Unfortunately, the Boy's eccentricities are far less entertaining than my own. And it is perhaps when his eccentricities are seen in context with mine that they become FAR more entertaining. But since I'm here for YOU, here is the list.

  • He hates to poop in his diaper. We've already covered this one.
  • He hates cold milk--it should be warm or NOTHING.
  • He likes to pull the blanket over his face when he's falling asleep, which means that about an hour after things get quiet I have to go in there and uncover his face. Most of the time, he's already worked his way out, but you know...I still like to check.
  • He enjoys a refreshing drink (or 8) of his own bath water. Because Baby Boy Broth, mildly seasoned, is delicious.

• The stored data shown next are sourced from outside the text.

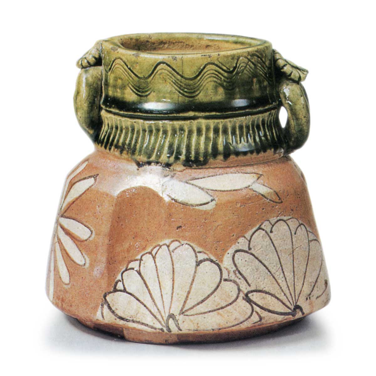 织部菊花纹水指 日本织部菊花纹水指 2025.07.272025.11.14 织部菊花纹水指 高度13.7厘米,口径8.3厘米这款水指造型独特,筒身下部呈扩散状,高台部分圆润削出,颈部两侧带有耳饰,其上部装饰有菊花形装饰。红色织部水指较为罕见,而这款作品在制作工艺上堪称精湛。以红色为底,以白色装饰并以锈绘技法粗略地表现出菊花纹样, 充分展现了庆长时期的艺术氛围。
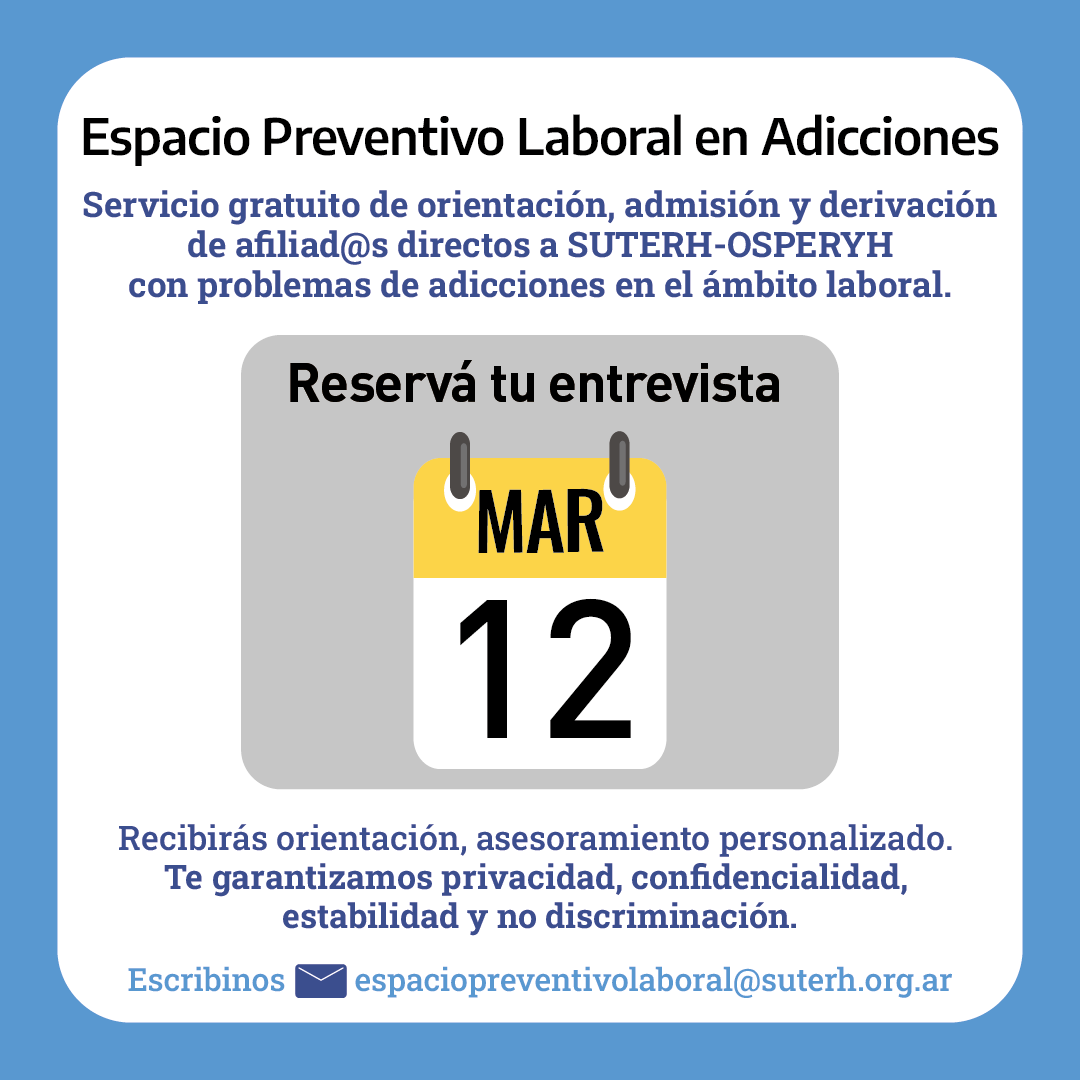 23 Feb Espacio Preventivo Laboral en Adicciones: Turnos en Marzo
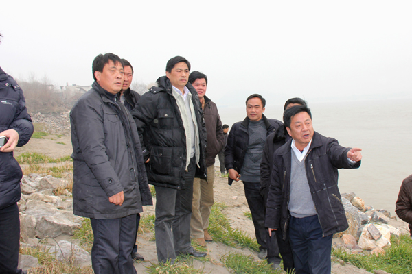 2011年1月14日,江西省水利廳廳長孫曉山在省河湖局、省水利規(guī)劃設(shè)計院相關(guān)領(lǐng)導、公司董事長總經(jīng)理王元旦等的陪同下,前往我司承建的長江九江段棉船堤應(yīng)急防滲工程視察工作。
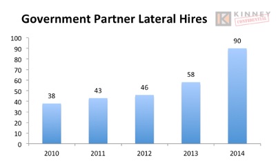 Partners specializing in governmental work (which includes both lobbying and regulatory-oriented practice) were also in particularly strong demand last year, with more than 90 lateral hires, an increase of more than 55 percent from 2013. Unsurprisingly, the Washington, D.C. market accounted for the bulk of these hires. It would appear that political gridlock, if nothing else, can be a boon to high-end legal practice.
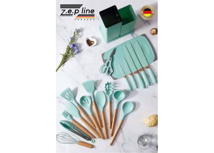 Набір кухонного приладдя + набір ножів Zepline ZP-107 19 предметів Бірюзовий
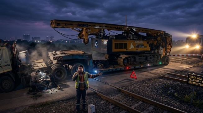 SuaraJawaTengah.id - Gangguan perjalanan kereta api terjadi di Semarang setelah sebuah truk trailer pengangkut alat berat mogok dan tersangkut di perlintasan rel. Insiden tersebut terjadi pada Senin malam hingga Selasa dini hari (9–10/3/2026) dan menyebabkan sejumlah perjalanan kereta api mengalami keterlambatan.

  • He doesn't care if his food touches (this one drives me CRAZY), in fact, he happily mixes the broccoli with the chicken with the eggs with the fruit and if he spills water over the whole thing, Oh well! Less chewing! La la LAAAA! (Meanwhile, I'm trying not to make Mama is Grossed Out Over Here faces.)
  • He likes to move objects from one container in to another. Apparently, most kids like to just take stuff OUT of containers, mine likes to reorganize. Go figure.
  • He hates to have his bottom teeth brushed. He likes the top ones brushed, but if you try to brush the bottom ones you get a lot of clenched jaw and the tongue pushing the tooth brush OUT. (Yes, we fight him on this one to get the job done.)
  • He has a Toy of the Day (over and above his binkit, that is, his blanket). At some point in the morning he picks one Toy that becomes the Magical Object of the Day and if he drops it or loses it or is in any way divided or sundered from this Toy, then WOE, WOE to Boy! (And it's totally obscure things too, like a chapstick or an unused key chain or a travel pack of tissues.)
  • He loves to look out the window but gets freaked out when he sees the wind moving the trees and the plants. And yes, I have tried to explain to him that it's just the wind and nothing to be scared of, but he's what? almost 15 months, he can't quite grasp that concept yet. In the meantime, I sit next to him and he holds on to the collar of my shirt with a Death Grip by turns captivated and terrified. (We went outside Tuesday afternoon because the weather was bearable and he made the connection between the wind and the plants moving and it was adorable to see him warm up to the friendly waving plant!)
  • Like all kids, he loves to read the same couple of books over and over and over and over again, but really it's just certain PAGES that he likes. For example, in Goodnight Moon, it's the page that is "good night stars, good night air..." and in The Going to Bed Book it's the last page that says, "The moon is high, the sea is deep, they rock and rock and rock to sleep." And in the Very Hungry Caterpillar he just endures the other pages in order to get to SATURDAY. He'll put both hands palm down on either side of the Saturday Page and hold it there for 10 minutes if allowed. He pokes his right index finger into each and every hole SEVERAL times. He takes particular delight in the "1 piece of chocolate cake" and "1 slice of swiss cheese". I don't know why.
  • The Boy is a Fruit Bandit. (Though, I'm not sure if this counts as an eccentricity so much as something that just sort of irritates me, but also makes me happy and so I'm complaining/bragging about it.) We have fruit every afternoon for a snack and he eats whatever I give him, usually it's bananas because they are his favorite. And I prefer apples, so lately he's taken to shoving every piece of banana in his mouth and then begging for my apple. I'm so happy that he begs for healthy food that, of course, I give it to him. But then! He shoves a big bite of apple in his mouth and continues to beg until he has big bites in each fist and as soon as his mouth is empty he shoves one handful in the now empty mouth and comes begging for ANOTHER handful. And this repeats until the apple is gone. Greedy little fruit bandit, isn't he?
I'm sure there's more, but I'm hungry and he's hungry and I really should feed us both. So, now it's your turn, in what ways are your kids eccentric?